Gute Gewohnheiten aufbauen

Du würdest gern jeden Tag vor Mitternacht im Bett liegen (ich!) und ebenfalls jeden Tag mindestens 2 Liter Wasser trinken (auch ich!) und außerdem endlich regelmäßig dreimal pro Woche Sport machen (nun ja, was soll ich sagen, das bin dann wohl auch ich!). Du willst dir also ein Verhalten angewöhnen, das dir gut tut. Dummerweise findet dein Schweinehund, dass IHM nächtliches Netflixen viel besser bekommt als Schlaf oder Sport. Hier zeige ich dir ein paar Kniffe, wie du gute Gewohnheiten leichter etablieren kannst.

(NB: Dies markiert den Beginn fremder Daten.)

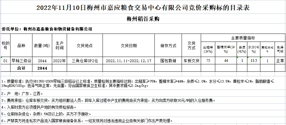 受客戶委托,梅州市嘉應糧食交易中心有限公司定于2022年11月10日(星期四)舉辦糧食競價交易會。梅州市嘉泰糧食和物資儲備有限公司擬采購2022年早秈稻2844噸。
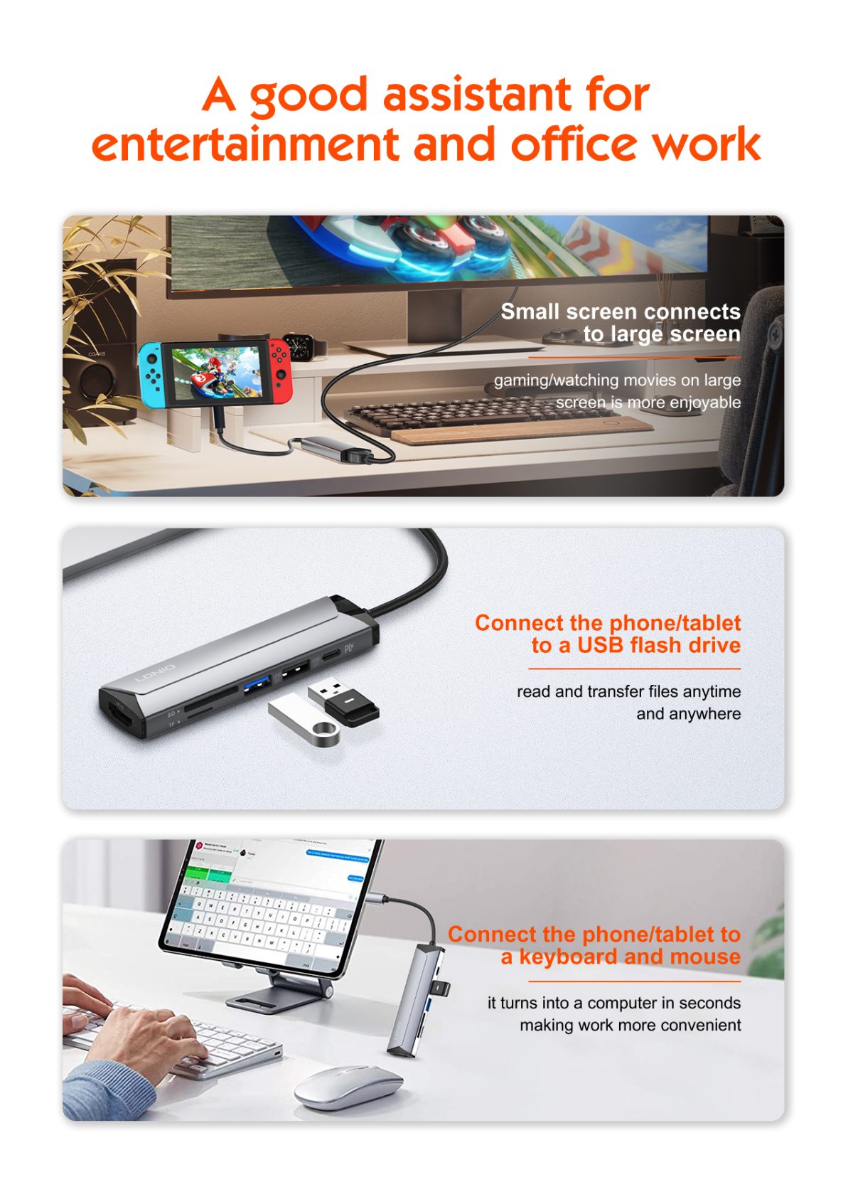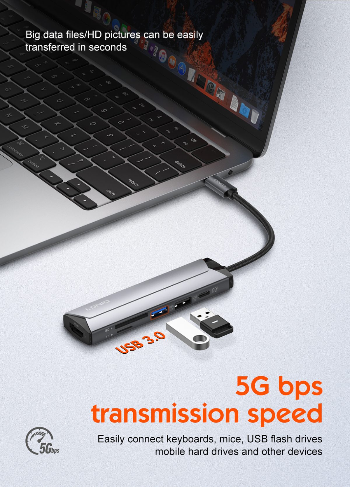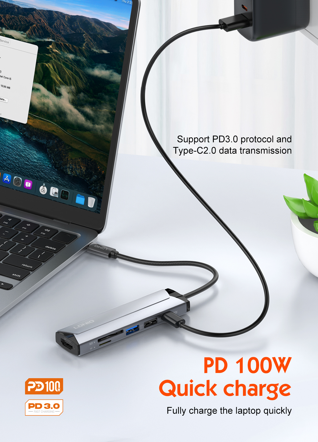 The LDNIO DS-56H PD100W Docking Station is the ultimate tool for professionals and multitaskers looking to streamline their connectivity needs. Designed with a sleek and compact aluminum alloy body, this 5-in-1 docking station offers unmatched versatility with multiple ports for charging, data transfer, and display output. Its powerful PD100W capability ensures rapid charging for high-powered devices like laptops, while its HDMI 4K support provides stunning visuals for your presentations or entertainment. Perfect for mobile devices, laptops, and desktop computers, the Ldnio DS-56H redefines efficiency and productivity with its plug-and-play functionality and compatibility across operating systems.

Der wichtigste Punkt vorweg: Nein, eine Garantie sind die folgenden Tipps leider nicht. Ich bin beim Sport auf einem passablen Weg und komme immerhin inzwischen im Durchschnitt auf sieben Stunden Schlaf pro Nacht – aber eben nur im Durchschnitt, nicht täglich, und schon gar nicht vor Mitternacht *seufz*. Trotzdem helfen die Tipps vielleicht auch dir weiter. Wenn du mehr wissen willst und tiefer in die Materie einsteigen willst: Die Tipps stammen aus dem Buch „Die 1%-Methode“ von James Clear, das ich wirklich, wirklich empfehlen kann.

Realisierungsintention: Wann und wo setzt du deine neue Gewohnheit um?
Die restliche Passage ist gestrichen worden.